Work instruction —
Among the lines below, output only those between the line holding "Off we go swimming" and the line holding "Kenstar Aster Pro", inclusive, exactly as written and with no pictures.

==== Data listing ====

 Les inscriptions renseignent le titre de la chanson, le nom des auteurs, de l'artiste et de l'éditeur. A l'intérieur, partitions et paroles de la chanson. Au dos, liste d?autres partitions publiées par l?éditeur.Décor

====
==== Data listing ====

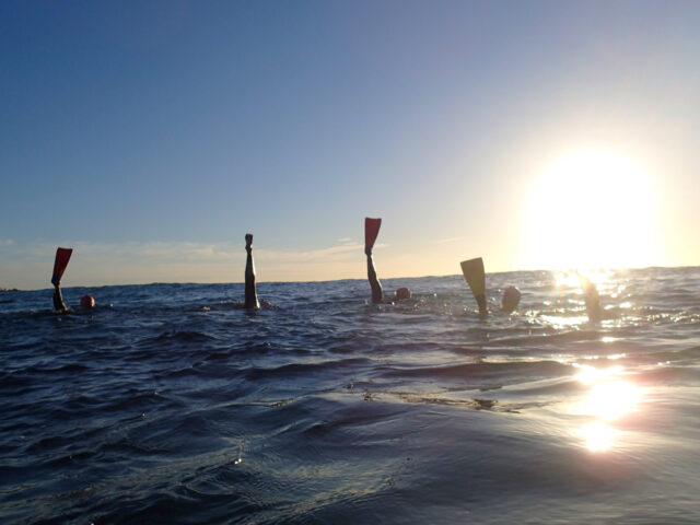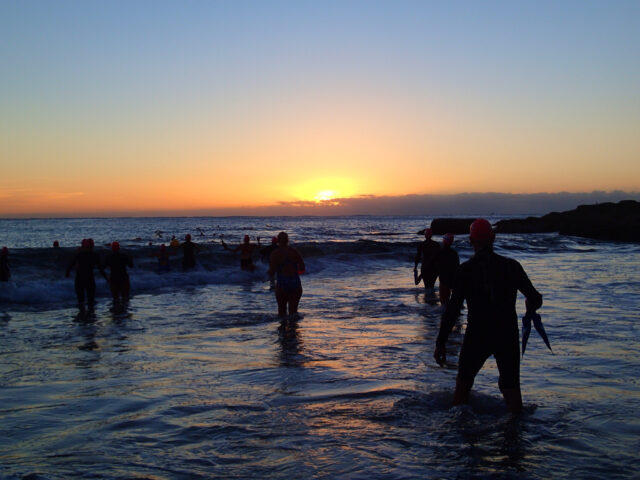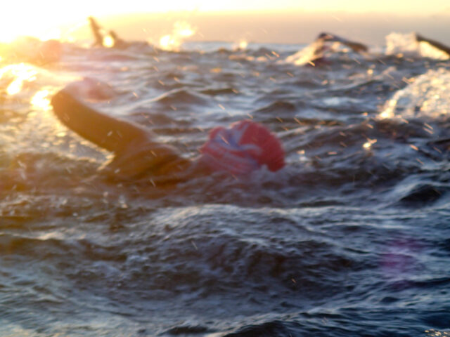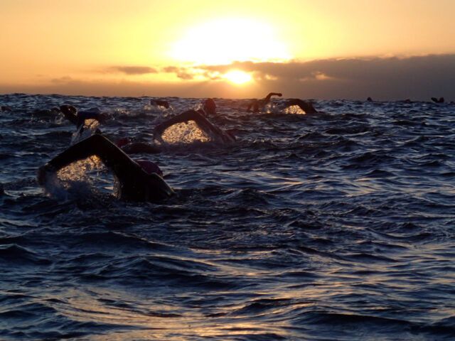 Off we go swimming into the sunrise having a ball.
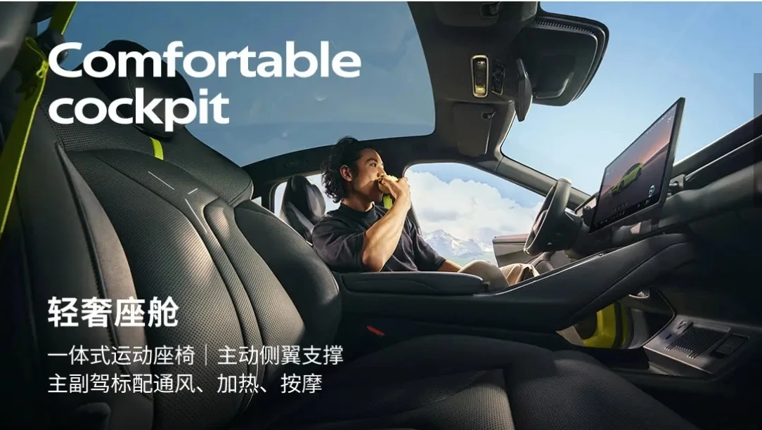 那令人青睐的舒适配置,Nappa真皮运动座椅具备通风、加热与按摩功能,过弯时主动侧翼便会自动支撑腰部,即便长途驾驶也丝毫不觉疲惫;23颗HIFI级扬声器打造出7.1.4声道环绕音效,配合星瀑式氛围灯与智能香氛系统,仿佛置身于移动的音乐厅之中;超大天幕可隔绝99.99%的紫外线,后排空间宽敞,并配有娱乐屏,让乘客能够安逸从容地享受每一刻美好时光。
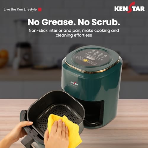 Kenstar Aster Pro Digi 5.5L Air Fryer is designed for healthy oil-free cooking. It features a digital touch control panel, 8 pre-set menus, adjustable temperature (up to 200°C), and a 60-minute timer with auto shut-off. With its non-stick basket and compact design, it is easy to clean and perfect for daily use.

====
==== Data listing ====

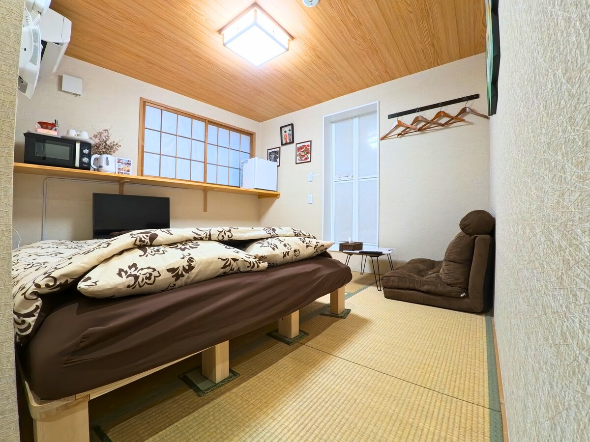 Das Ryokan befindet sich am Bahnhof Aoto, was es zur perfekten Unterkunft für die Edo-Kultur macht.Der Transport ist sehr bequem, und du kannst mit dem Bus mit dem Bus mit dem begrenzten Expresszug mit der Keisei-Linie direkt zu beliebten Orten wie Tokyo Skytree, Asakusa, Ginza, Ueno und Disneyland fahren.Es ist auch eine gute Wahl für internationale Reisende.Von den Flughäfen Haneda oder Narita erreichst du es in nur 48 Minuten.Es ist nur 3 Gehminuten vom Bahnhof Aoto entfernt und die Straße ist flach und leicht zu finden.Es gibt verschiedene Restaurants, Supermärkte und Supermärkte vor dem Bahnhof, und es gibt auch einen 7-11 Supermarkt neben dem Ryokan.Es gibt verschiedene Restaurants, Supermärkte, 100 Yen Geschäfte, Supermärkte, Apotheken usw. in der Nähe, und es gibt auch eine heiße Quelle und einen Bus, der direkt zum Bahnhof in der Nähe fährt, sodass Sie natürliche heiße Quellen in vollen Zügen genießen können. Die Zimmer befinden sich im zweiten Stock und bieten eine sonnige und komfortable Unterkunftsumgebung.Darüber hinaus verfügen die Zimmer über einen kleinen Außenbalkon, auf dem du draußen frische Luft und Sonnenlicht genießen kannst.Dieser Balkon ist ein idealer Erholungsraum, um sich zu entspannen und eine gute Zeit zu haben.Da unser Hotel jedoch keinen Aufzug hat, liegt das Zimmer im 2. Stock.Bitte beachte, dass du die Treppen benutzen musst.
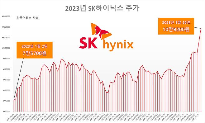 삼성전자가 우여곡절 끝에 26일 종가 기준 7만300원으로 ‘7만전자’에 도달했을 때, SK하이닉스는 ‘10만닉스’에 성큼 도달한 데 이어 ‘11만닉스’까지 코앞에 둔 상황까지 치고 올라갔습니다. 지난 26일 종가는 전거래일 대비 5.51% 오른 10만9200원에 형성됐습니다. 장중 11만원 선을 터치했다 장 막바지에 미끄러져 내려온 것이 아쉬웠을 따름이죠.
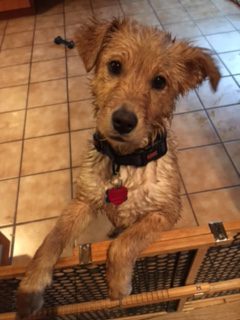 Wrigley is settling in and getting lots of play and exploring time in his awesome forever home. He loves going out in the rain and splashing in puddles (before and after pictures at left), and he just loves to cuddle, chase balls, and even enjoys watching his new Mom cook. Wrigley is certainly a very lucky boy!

====

Your response —
 Off we go swimming into the sunrise having a ball.
 那令人青睐的舒适配置,Nappa真皮运动座椅具备通风、加热与按摩功能,过弯时主动侧翼便会自动支撑腰部,即便长途驾驶也丝毫不觉疲惫;23颗HIFI级扬声器打造出7.1.4声道环绕音效,配合星瀑式氛围灯与智能香氛系统,仿佛置身于移动的音乐厅之中;超大天幕可隔绝99.99%的紫外线,后排空间宽敞,并配有娱乐屏,让乘客能够安逸从容地享受每一刻美好时光。
 Kenstar Aster Pro Digi 5.5L Air Fryer is designed for healthy oil-free cooking. It features a digital touch control panel, 8 pre-set menus, adjustable temperature (up to 200°C), and a 60-minute timer with auto shut-off. With its non-stick basket and compact design, it is easy to clean and perfect for daily use.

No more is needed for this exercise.